*WORK ITEM*
Can you transcribe the data exactly? Leave the pictures out.

*DATA SECTION*
- - - - - - -

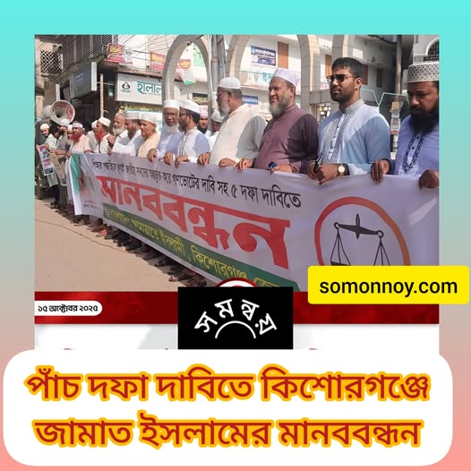 ঐতিহাসিক শহীদী মসজিদের সামনে জামায়াতে ইসলামী কিশোরগঞ্জ জেলা শাখার মানবন্ধন
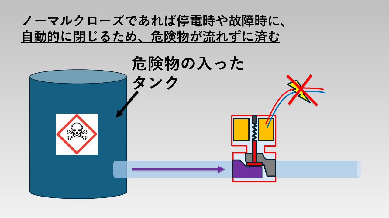 - 停電時や電磁弁の故障時に、危険なガスや液体が流れっぱなしになるのを防ぐため
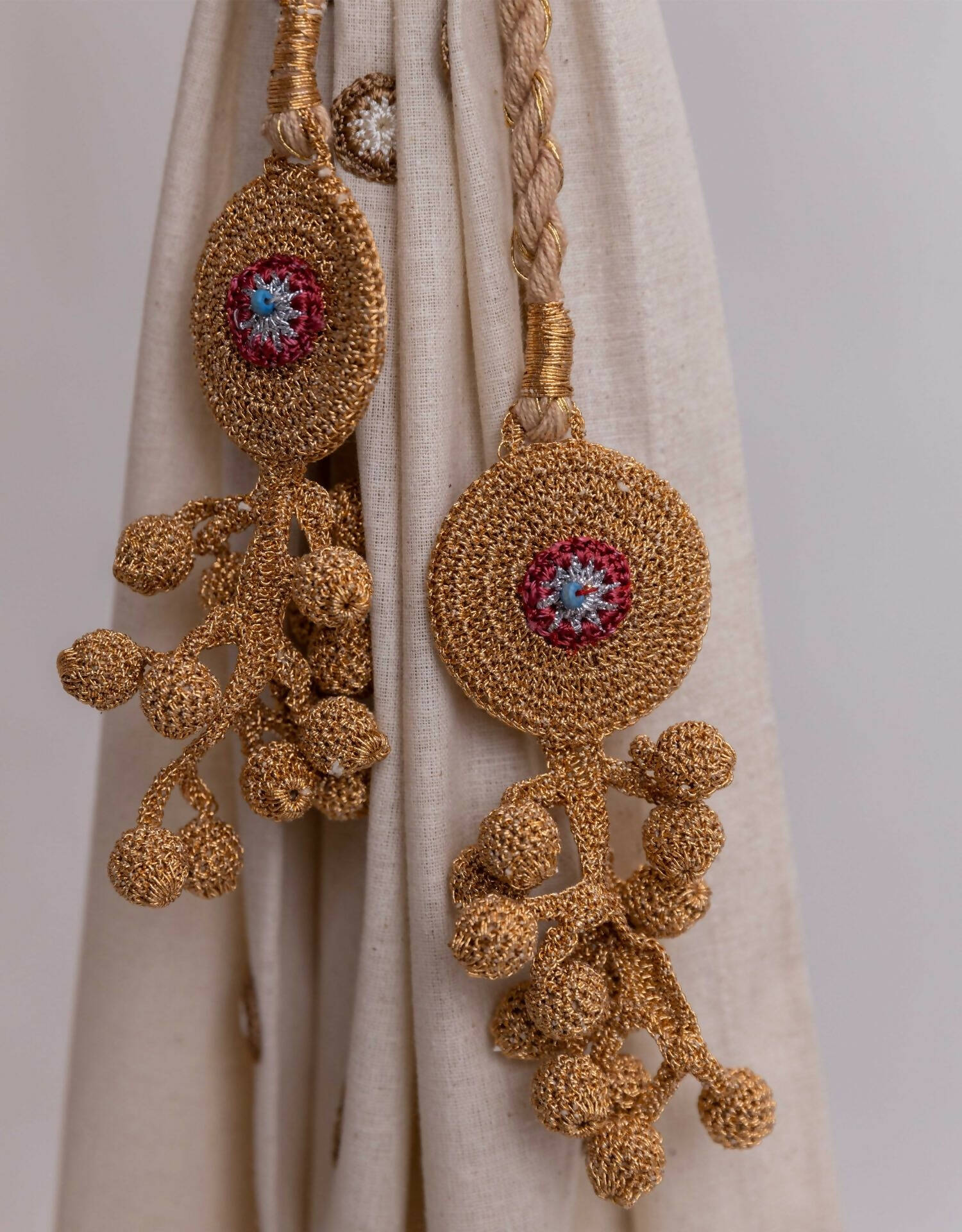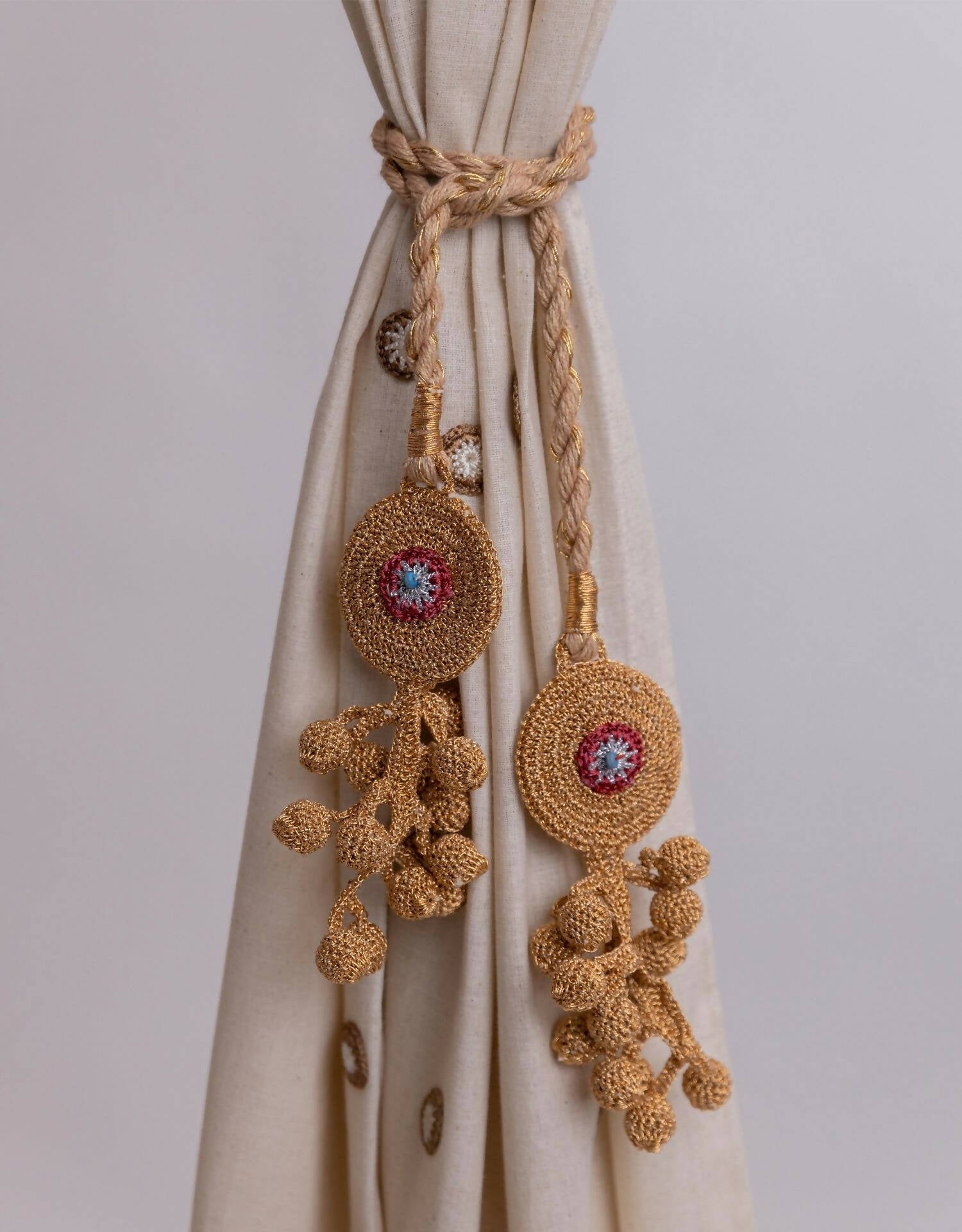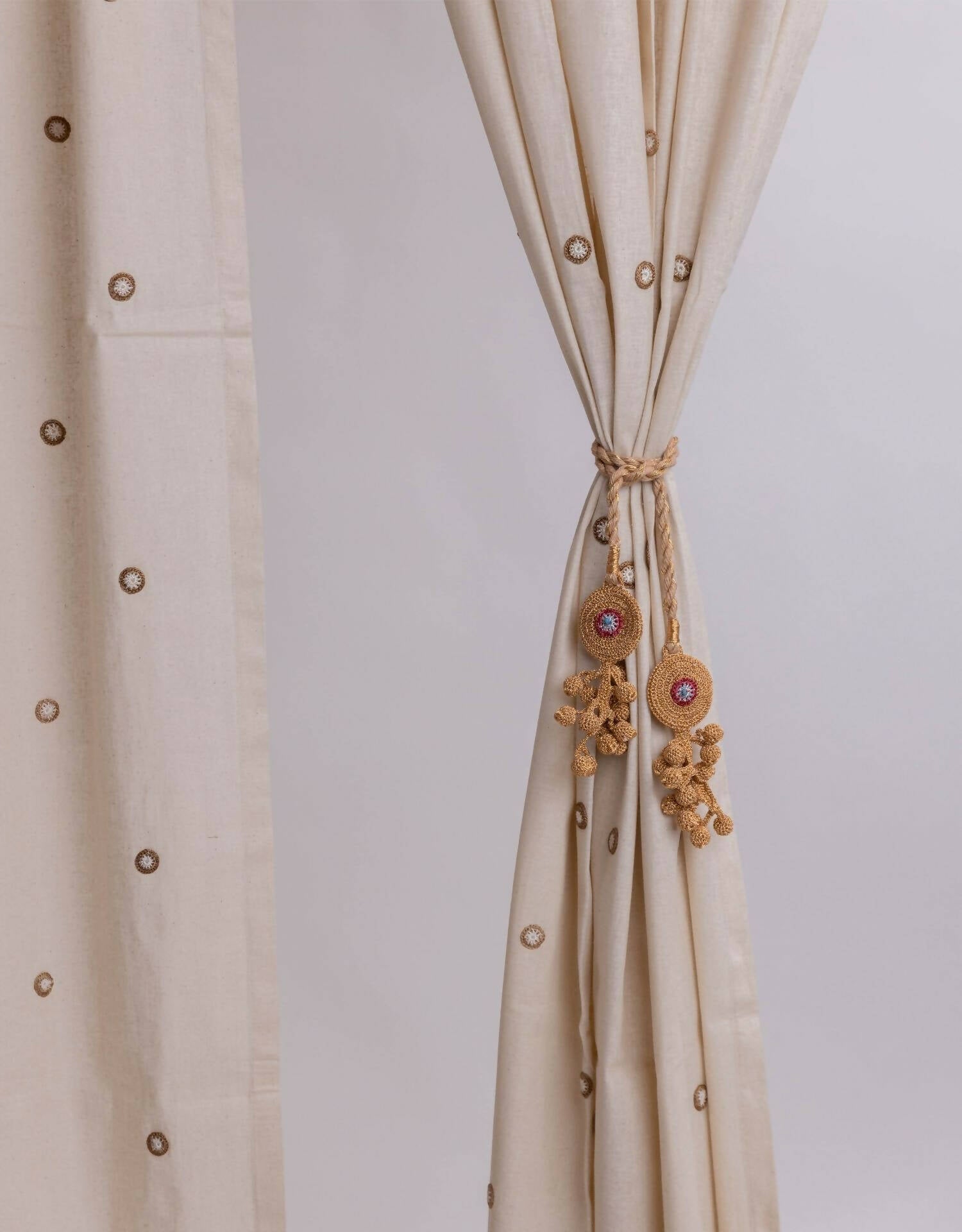 Kono translates to 'knot'. Worried about your curtains getting caught and tearing in the breeze? Use these elegant, and flexible curtain tie backs to knot them in place. They are handcrafted by our women crocheters of Gaya to complement our curtain collection or to add a designer touch to any plain drapes as well. Much like their natural floral motifs, they are functional curtain accessories while simultaneously flaunting their elegance. Take them home to say goodbye to flailing curtains and add an artisanal element to your space!
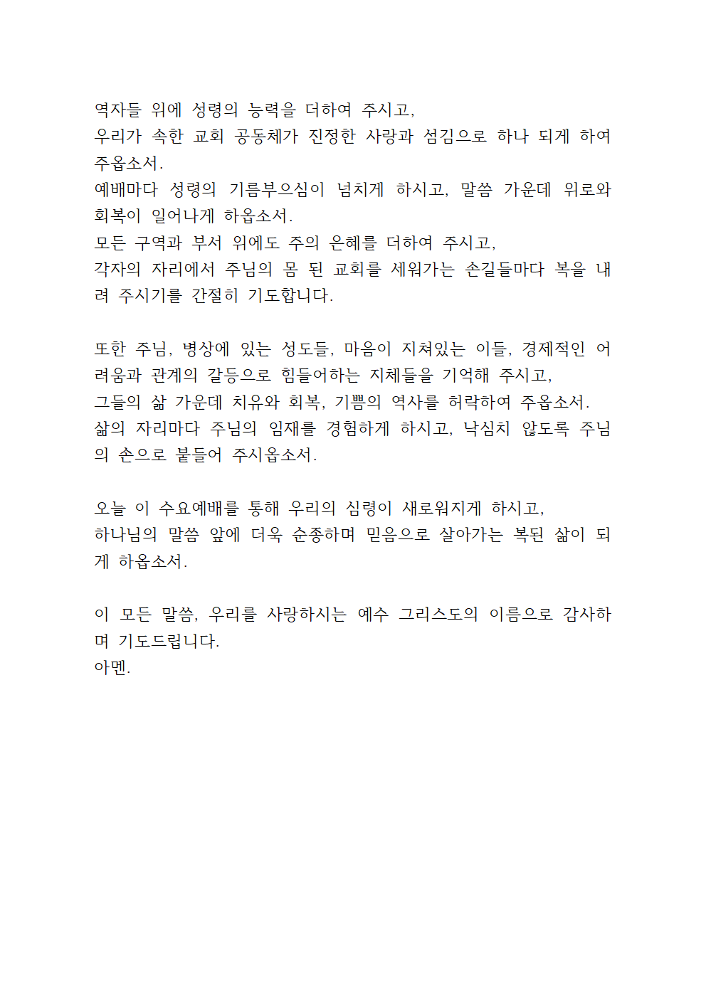 6월 첫주 수요 기도문

- - - - - - -

*ANSWER AREA*
 ঐতিহাসিক শহীদী মসজিদের সামনে জামায়াতে ইসলামী কিশোরগঞ্জ জেলা শাখার মানবন্ধন
 - 停電時や電磁弁の故障時に、危険なガスや液体が流れっぱなしになるのを防ぐため
 Kono translates to 'knot'. Worried about your curtains getting caught and tearing in the breeze? Use these elegant, and flexible curtain tie backs to knot them in place. They are handcrafted by our women crocheters of Gaya to complement our curtain collection or to add a designer touch to any plain drapes as well. Much like their natural floral motifs, they are functional curtain accessories while simultaneously flaunting their elegance. Take them home to say goodbye to flailing curtains and add an artisanal element to your space!
 6월 첫주 수요 기도문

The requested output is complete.